Nida Spalding loves to read, travel, and spend time with family and friends. She believes that curiosity and persistence are key to happiness and success.

As a French language learner, I watch French films to train my ear to the sound of French words and to catch a glimpse of French life and culture. In general, I love movies; the way they open my mind, warm my heart, or touch my soul.

On Sunday, March 14, 2021, I got up earlier than usual to watch the rest of the Cesar (French Academy) Nominated short films accessible to me through the Sacramento French Film Festival. I was giddy with anticipation. I was going to meet the film directors at noon. The invitation read:
14th Winter Short Film Festival
Films available starting March 12
Meet the film makers, in a live transatlantic discussion March 14

The morning of March 14, I finished watching the 14-minute animated film "And Then the Bear," by Agnes Patron. Billed as fantasy, there were sex scenes involving wooden figures and grasshoppers. The night before, I watched the 24-minute live-action film "So What If the Goats Die," but didn't finish because the story escaped me. Both films won in their category at the Cesar held in Paris. 
At 10 minutes to noon, I logged into Zoom — the teleconferencing platform that became essential during the Covid-19 pandemic. I glanced at my computer screen. I saw faces with names underneath, then heard a male and female voice speaking fluent French. My heart skipped. I whispered to my husband, "Oh, no! I'm only a beginner!" Sensing my panic, my husband said. "Just observe."
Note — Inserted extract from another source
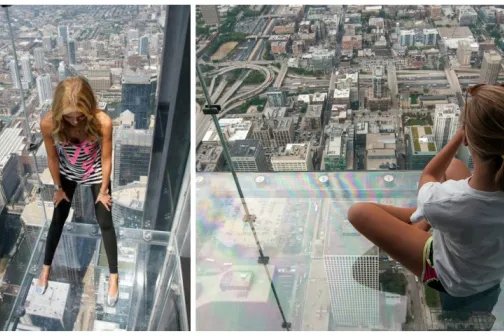 Imagine 13/06/2019 -22:20 News Video. Podeaua de sticlă al unui zgârie-nori din Chicago a crăpat la etajul 103, sub picioarele unor turiști

The night before, that was my plan — to just observe. And to speak English if need be. Still, showing my face on Zoom to strangers speaking French required bravery on my part. I had put on lipstick. I pulled my shoulders back, sat down and faced the computer with its squares of faces on Zoom.





All nine short films (courts-métrages) were available to me to watch from noon on March 12 to noon March 15. I could watch them for a discounted price of $12 because I'm a member of the Alliance Francaise de Sacramento. And what's more. I could meet the filmmakers on March 14. Noon in California (day light saving time) was 8:00 p.m. in France. Zoom made this transatlantic event possible.
Of the nine films, I first watched "First Goodbyes" by Mathilde Profit and "Among the Almond Trees" by Marie Le Floch. These were live action family dramas, 24 and 21 minutes long. Both directors were on Zoom to discuss their respective work. I watched Choum's Odyssey, the 26-minute animated film about a cute owl and her brother written and directed by Julien Bisaro. Julian wasn't there but Claire Paolletti, the co-author and producer was there for the event, as was Loic Barche, the director of L'Aventure Atomique, a 26-minute film set in Algeria 1961; France had just detonated its fourth atomic bomb.
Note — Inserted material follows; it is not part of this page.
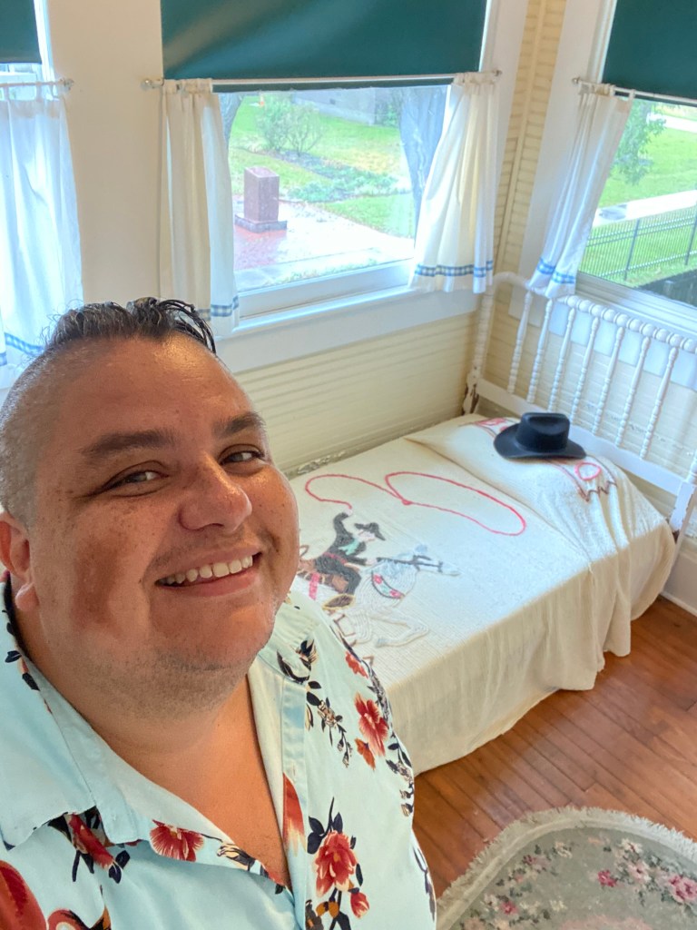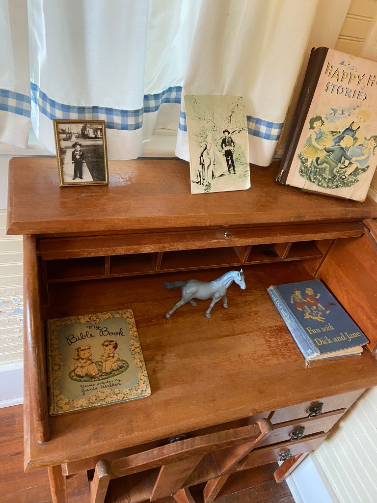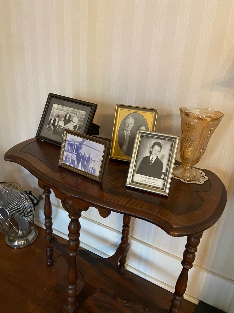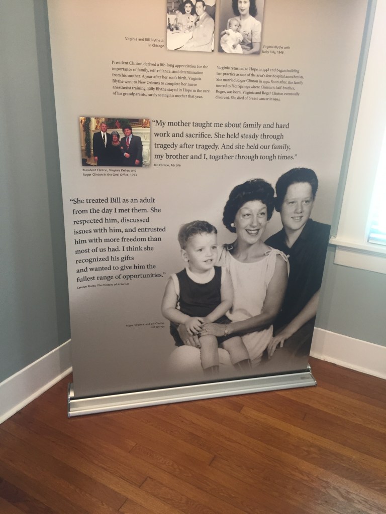 At the William Jefferson Clinton Birthplace HomeWith Bill Bill’s birthplace!Living room From the other angleMantelpiecePhotos of Bill’s familyKitchenDining roomDresser top in Virginia’s roomLil BillBill’s bedroomBedroom deskIn the bedroomOutside the home

The film directors were open about themselves, the creative process and the challenges. One director said she wrote her story after her father died. Patron shared that her film, "And Then the Bear," was inspired by her son's "temper tantrums." Indeed, the film captured a boy's righteous anger and jealousy at his mom's lover.

Of the five French film directors/producer present, four were women. This was inspiring to me. All five seemed down-to-earth. I learned that a 24-minute film could take three years to finish! Now I appreciate short films even more and will watch them with a keener eye.

I will remember that films are shaped by the creator's vision and experience. Meeting the Directors,, albeit virtually was truly "magnifique."